-- TASK MATERIAL follows --

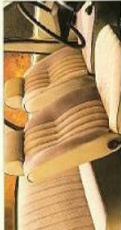
Easy adjustable (reclining & sliding) bucket seats (with plush velvet upholstery) to enhance driving comfort.
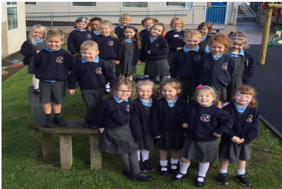
Hello to our 20 new P1 pupils!

We use Google Classroom to communicate with P1-7 parents. If you are having any difficulty accessing Google Classroom please contact your child's class teacher. If you don't use this, you will miss out on important communication.
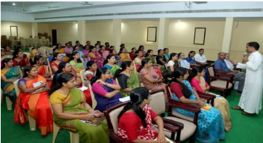
During the session
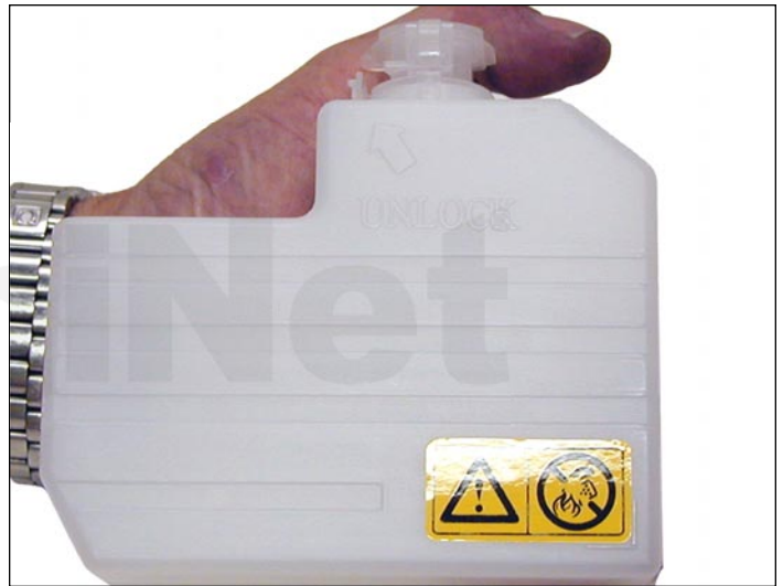
4. Clean out or replace the waste bottle.

-- TASK MATERIAL concluded --

From the line containing "We use Google" through the final line of the listing above, reproduce every line exactly, with no pictures.

We use Google Classroom to communicate with P1-7 parents. If you are having any difficulty accessing Google Classroom please contact your child's class teacher. If you don't use this, you will miss out on important communication.
During the session
4. Clean out or replace the waste bottle.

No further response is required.